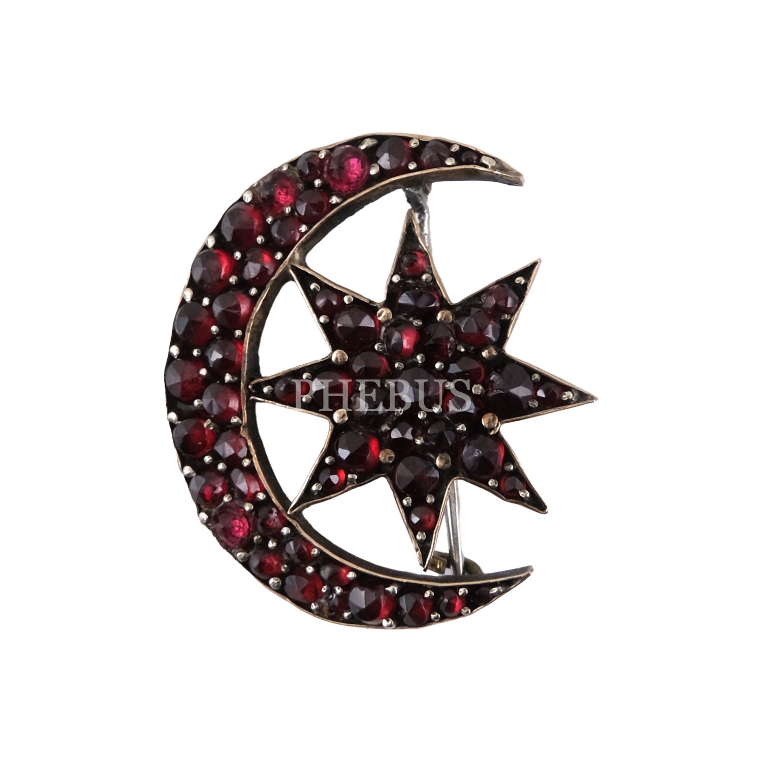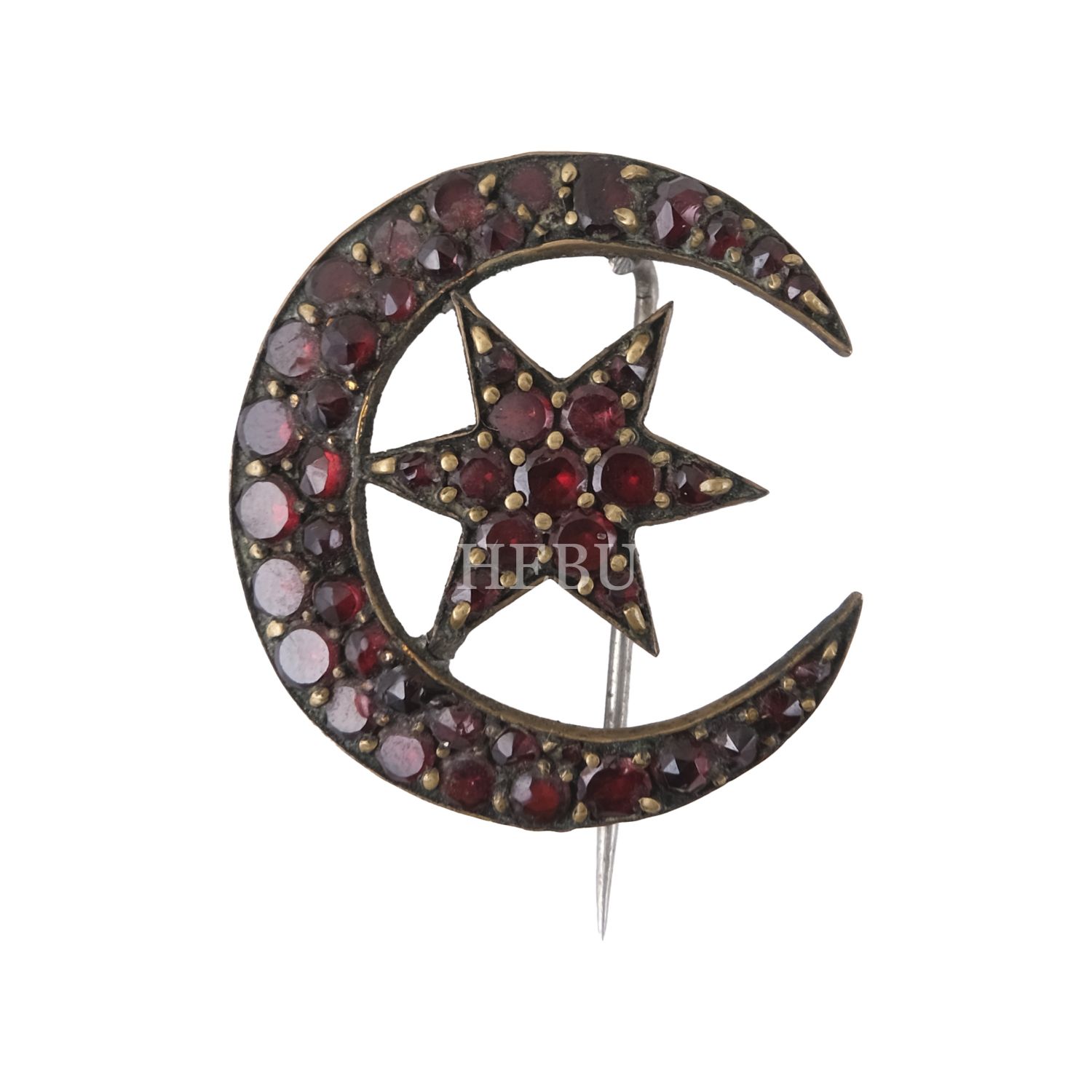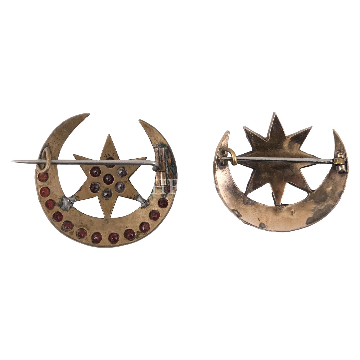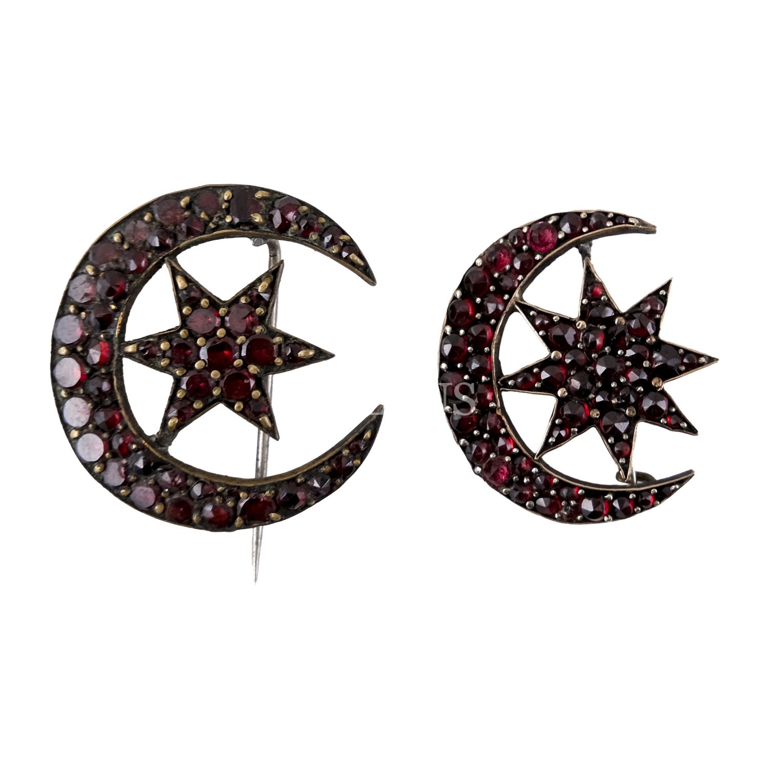 Ay-yıldız formunda, yarı değerli taşlarla bezeli bir çift broş, 2,5x3 cm...
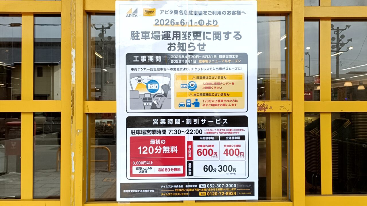 『アピタ桑名店』で、駐車場の利用方法が変わるようです。
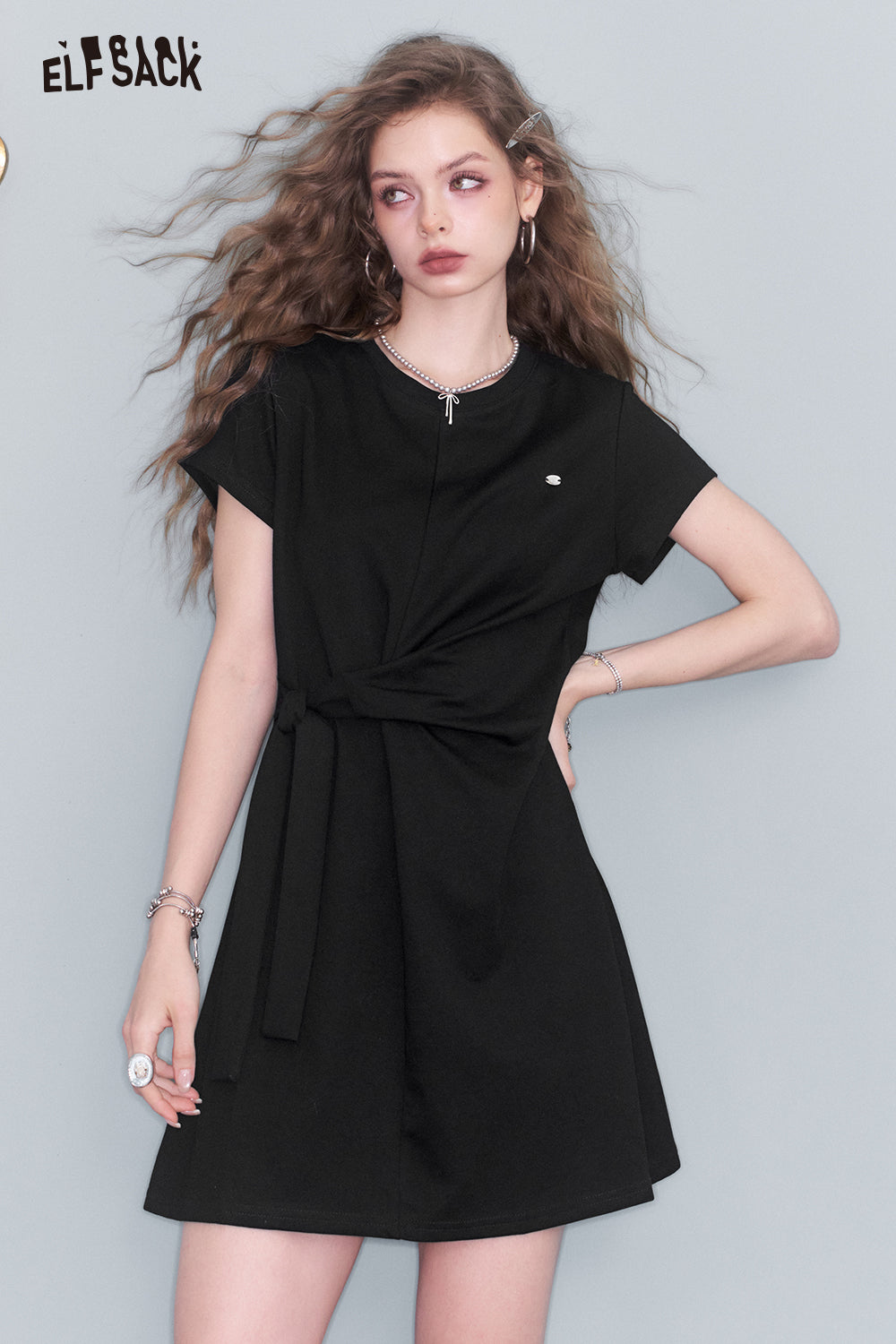 Elfsack Bat Sleeve Strapped Dress Mid Length T Shirt Dress

◆ **Work request**
Only the text of the listing above is copied, exactly as written; its pictures are dropped.

◆ **Exercise response**
 Ay-yıldız formunda, yarı değerli taşlarla bezeli bir çift broş, 2,5x3 cm...
 『アピタ桑名店』で、駐車場の利用方法が変わるようです。
 Elfsack Bat Sleeve Strapped Dress Mid Length T Shirt Dress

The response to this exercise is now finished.